■ **Exercise requirements**:
Your task is to copy exactly the lines from the line containing "El Barcelona pasó" through the end of the listing below, with pictures left out.

■ **Data excerpt**:
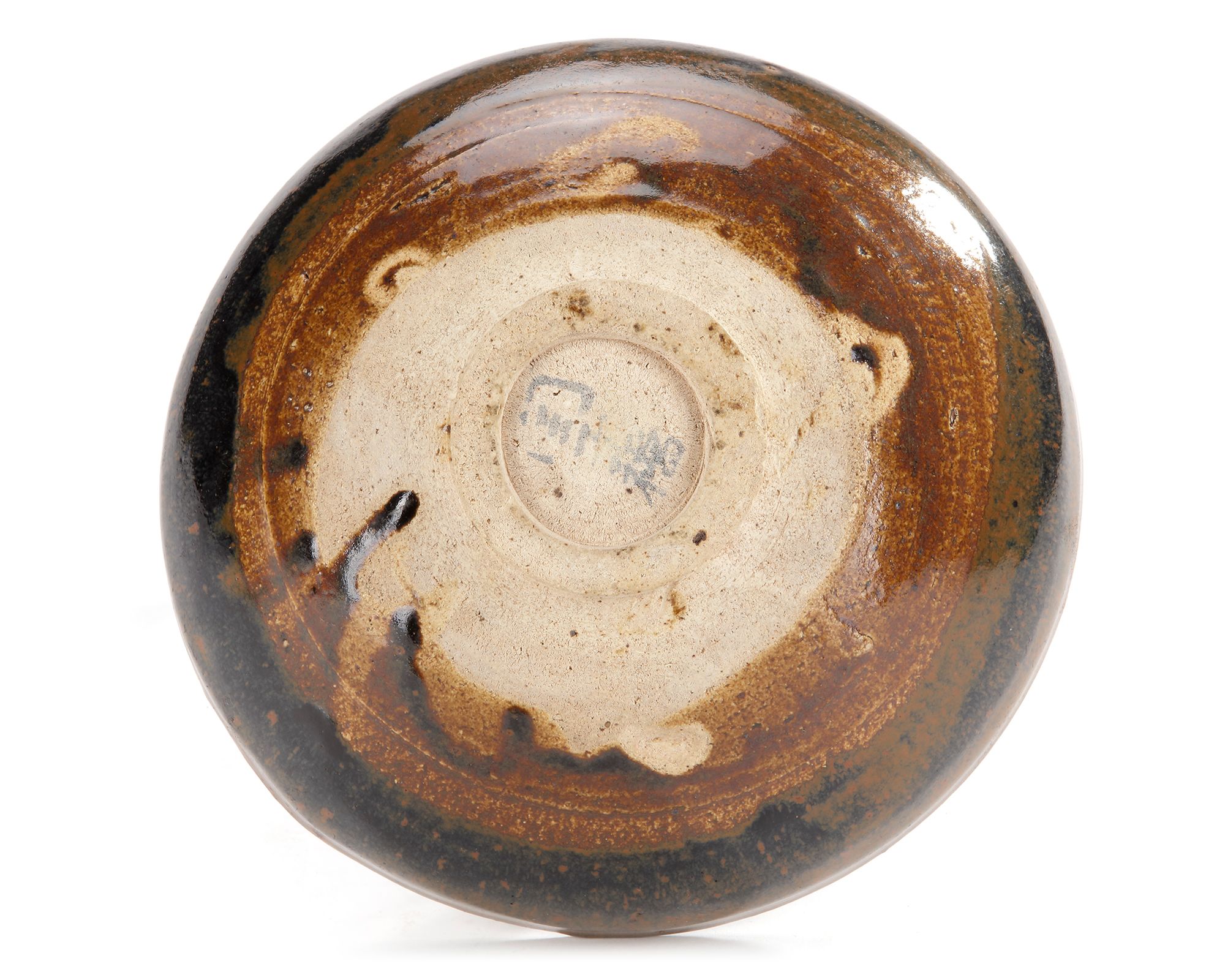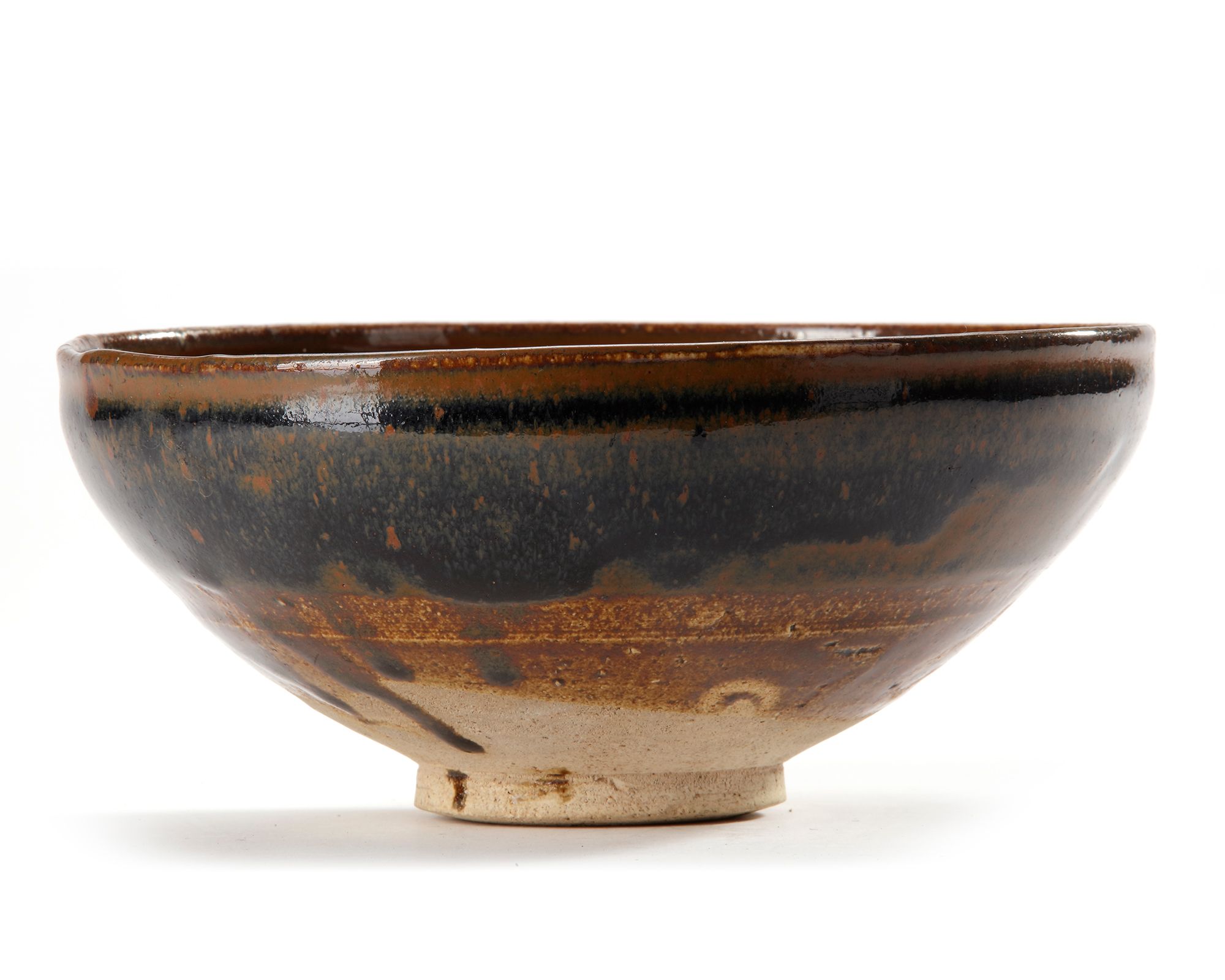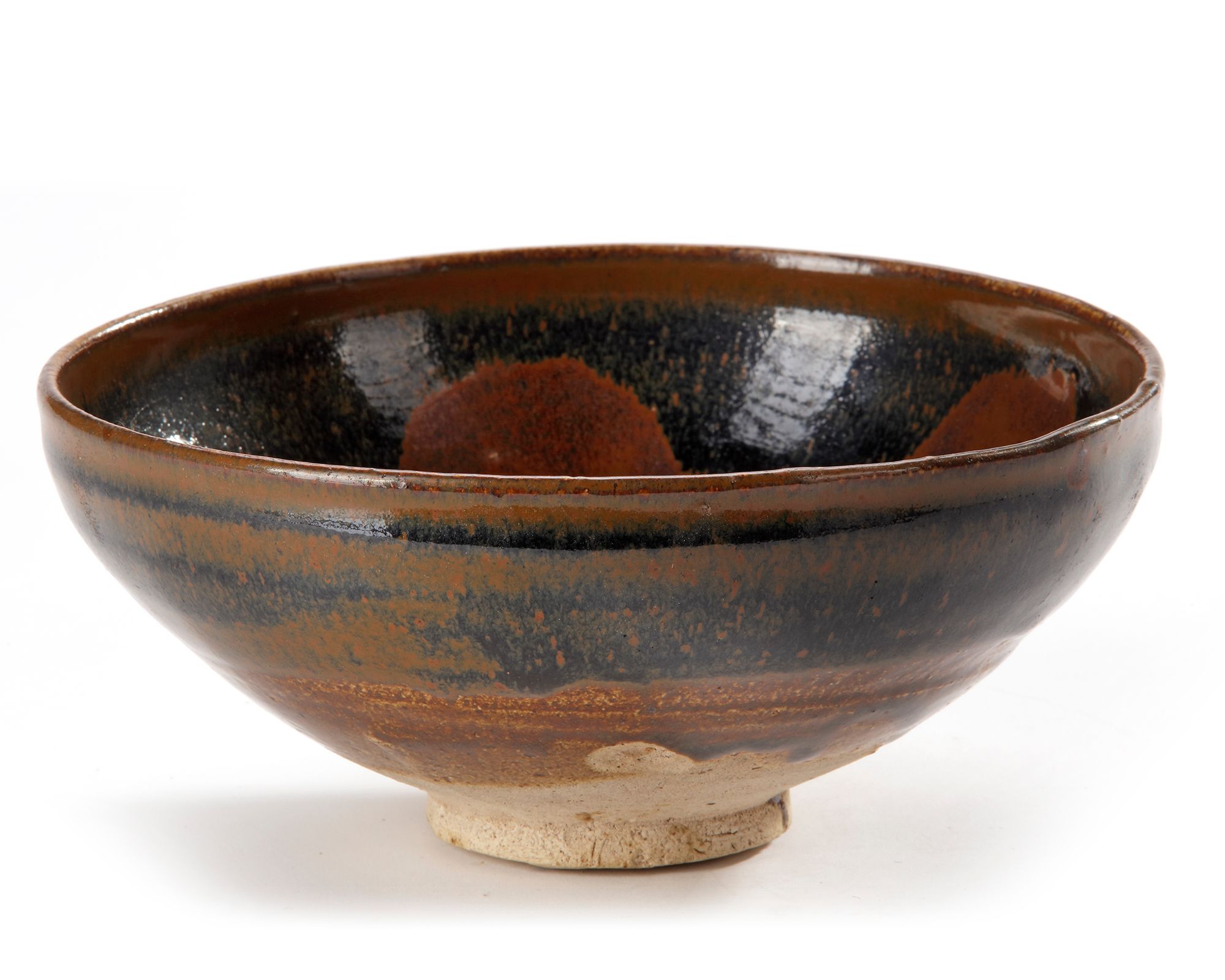 A Henan bowl of thickly potted conical form, the sides springing from a broad, knife-pared footrim and contracted at the rim, covered with black glaze with overall brownish speckling and five rust splashes on the interior, glaze falling short of the base on the underside showing the buff body.
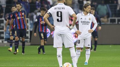 El Barcelona pasó por encima de un náufrago. Nada grave si, como el 0-4 del año pasado en el Bernabéu, que al menos no provocó la pérdida de un título, el Madrid se lo toma de manera anécdotica y sigue faenando en marea alta esperando a Moby Dick. Pero no es el primer partido, ni el segundo ni el tercero que los blancos, desde noviembre, se marcan de esta guisa. Vinicius solo no puede con todo, y no será porque no lo intenta. El Madrid repite errores, hay un patrón de juego reconocible que le ha hecho perder ya la Supercopa española y el liderato de la Liga. La imagen da igual: la imagen se puede recuperar en primavera. Lo que no da igual es el estado depresivo de un equipo que, creíamos, jugaba los últimos partidos en modo semivoluntario de pachanga playera y resulta que es porque no da. Lo mejor que le puede pasar es que esta final sea la bengala de salvamento.
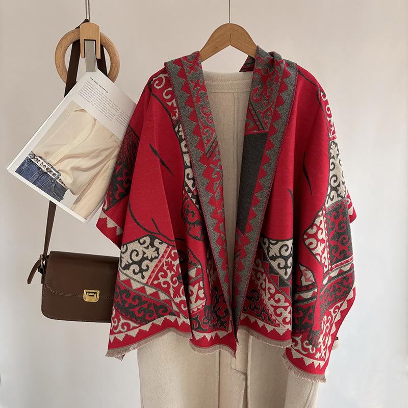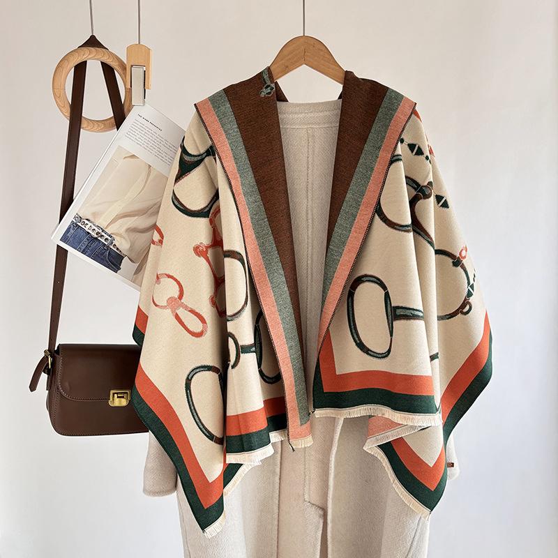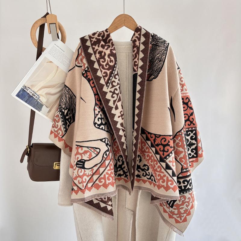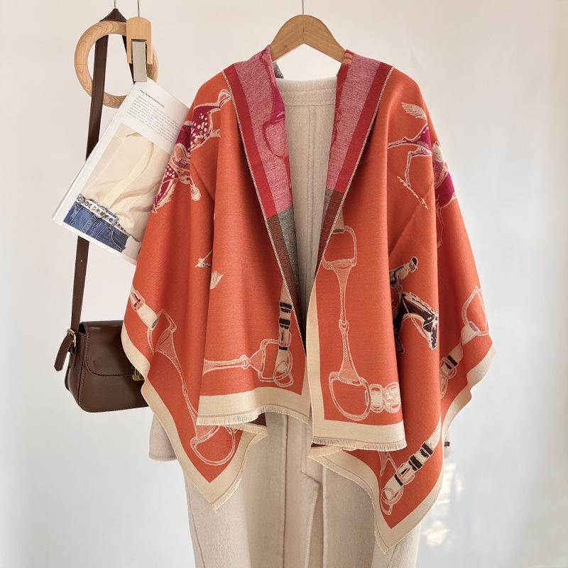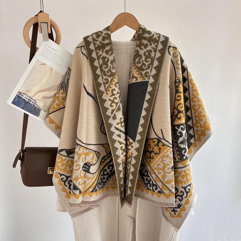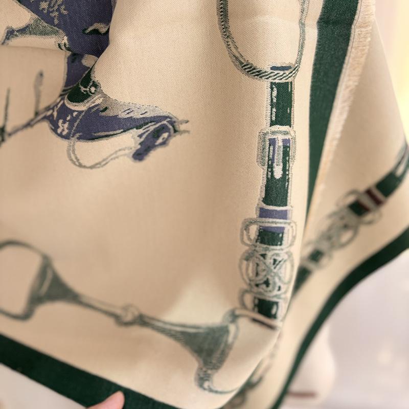 Bufanda de Cachemira Imitación con Figura de Caballo para Mujer Otoño e Invierno Moda Combinable Gruesa Cálida Cuello Largo Casual Elegante Chal
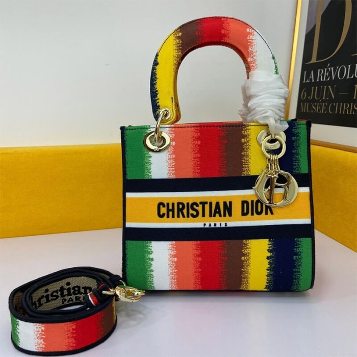 The Lady D-Lite handbag combines classic elegance with the modern feel of the brand. This style brings a new interpretation of the bayadere theme pattern this season. It is decorated with a full-scale multi-color mixed-color effect D-Stripes pattern embroidery, revealing a contemporary atmosphere, and the front is decorated with the “Christian Dior” logo. The thick gold-tone metal “D.I.O.R.” pendant is infused with pattern style. The medium-sized Lady D-Lite handbag has a wide, detachable double-sided embroidered shoulder strap, which can be carried, shouldered or slanted.

■ **Written reply**:
 El Barcelona pasó por encima de un náufrago. Nada grave si, como el 0-4 del año pasado en el Bernabéu, que al menos no provocó la pérdida de un título, el Madrid se lo toma de manera anécdotica y sigue faenando en marea alta esperando a Moby Dick. Pero no es el primer partido, ni el segundo ni el tercero que los blancos, desde noviembre, se marcan de esta guisa. Vinicius solo no puede con todo, y no será porque no lo intenta. El Madrid repite errores, hay un patrón de juego reconocible que le ha hecho perder ya la Supercopa española y el liderato de la Liga. La imagen da igual: la imagen se puede recuperar en primavera. Lo que no da igual es el estado depresivo de un equipo que, creíamos, jugaba los últimos partidos en modo semivoluntario de pachanga playera y resulta que es porque no da. Lo mejor que le puede pasar es que esta final sea la bengala de salvamento.
 Bufanda de Cachemira Imitación con Figura de Caballo para Mujer Otoño e Invierno Moda Combinable Gruesa Cálida Cuello Largo Casual Elegante Chal
 The Lady D-Lite handbag combines classic elegance with the modern feel of the brand. This style brings a new interpretation of the bayadere theme pattern this season. It is decorated with a full-scale multi-color mixed-color effect D-Stripes pattern embroidery, revealing a contemporary atmosphere, and the front is decorated with the “Christian Dior” logo. The thick gold-tone metal “D.I.O.R.” pendant is infused with pattern style. The medium-sized Lady D-Lite handbag has a wide, detachable double-sided embroidered shoulder strap, which can be carried, shouldered or slanted.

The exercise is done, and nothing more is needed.